The increase interrupted a yearslong trend of declining hunger in the U.S. Previous reports from food banks and the U.S. Census Bureau have indicated that hunger is increasing as low-income people struggle to recover from the coronavirus pandemic and from the end of expanded food assistance.

“The report is a stark reminder of the consequences of shrinking our proven safety net,” Agriculture Secretary Tom Vilsack said in a statement, calling the data "unacceptable."

The report, which did not provide an explanation for the rise, found that 12.8% of households — equivalent to 17 million households — struggled to get enough food last year, up from 10.2%, or 13.5 million households, in 2021.

Nearly 7 million households faced very low food security, meaning residents’ normal eating patterns were disrupted or food intake dropped because of limited resources, the Agriculture Department said.

Food insecurity affected 3.3 million households with children at times during 2022, up from 2.3 million households with children in 2021.

All told, more than 13 million children, or 18.5% of the country’s child population, lived in food insecure households last year, the report found.

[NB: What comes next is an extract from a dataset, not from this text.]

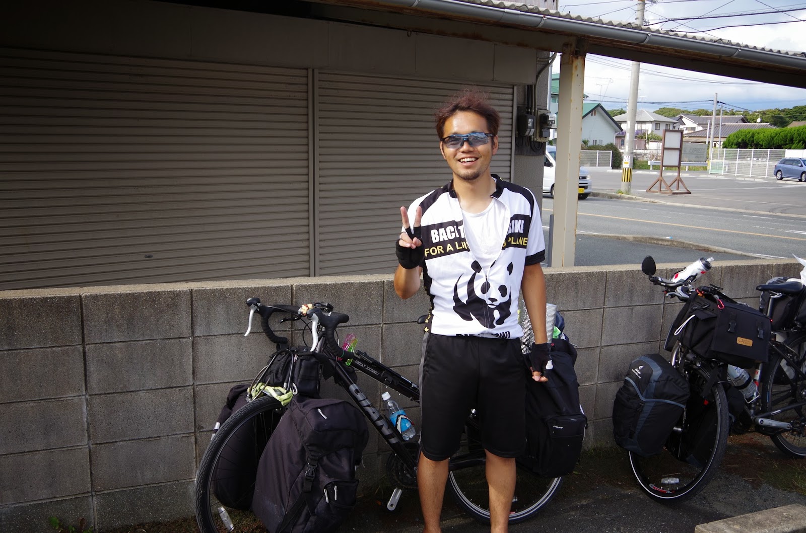 宗像へ向かう途中で自転車で日本一周中の廣田さんに遭遇

The numbers alarmed child hunger advocates. Before the Covid-19 pandemic, there had been improvements in addressing food insecurity among kids, said Lisa Davis, the senior vice president of Share Our Strength, a national organization working to end childhood hunger and poverty.

When the pandemic hit, Davis said in a statement, the U.S. “mitigated what could have been a massive and long-lasting hunger crisis because of smart investments in critical government programs,” such as the expanded Child Tax Credit and emergency allotments for the Supplemental Nutrition Assistance Program, or SNAP, formerly known as food stamps.

“All of that progress has been eroded since those investments have been rolled back," she said. "Kids and families deserve better.”

Food insecurity fell steadily from 2011 to 2021 before it spiked last year, the report showed.

Regular surveys by the Census Bureau since the start of the pandemic have also showed rising hunger. More than 27.6 million people reported experiencing food scarcity in the most recent survey, conducted from Sept. 20 to Oct. 2, up 9.5% from the start of the year.

Hunger could be worsened further if the government shutdown narrowly avoided in September comes to pass in November, anti-hunger groups warn.

The Agriculture Department said in September that the Women, Infants, and Children program, for instance, would stop distributing benefits to its 7 million participants within days of a shutdown.

"Food insecurity is not inevitable; whether it rises or falls reflects the policy choices we make as a nation," Georgia Machell, the interim president and CEO of the National WIC Association, said in a statement. "It is imperative that Congress acts quickly to put the needs of children and families first and ensure that WIC always remains available for anyone eligible to participate.”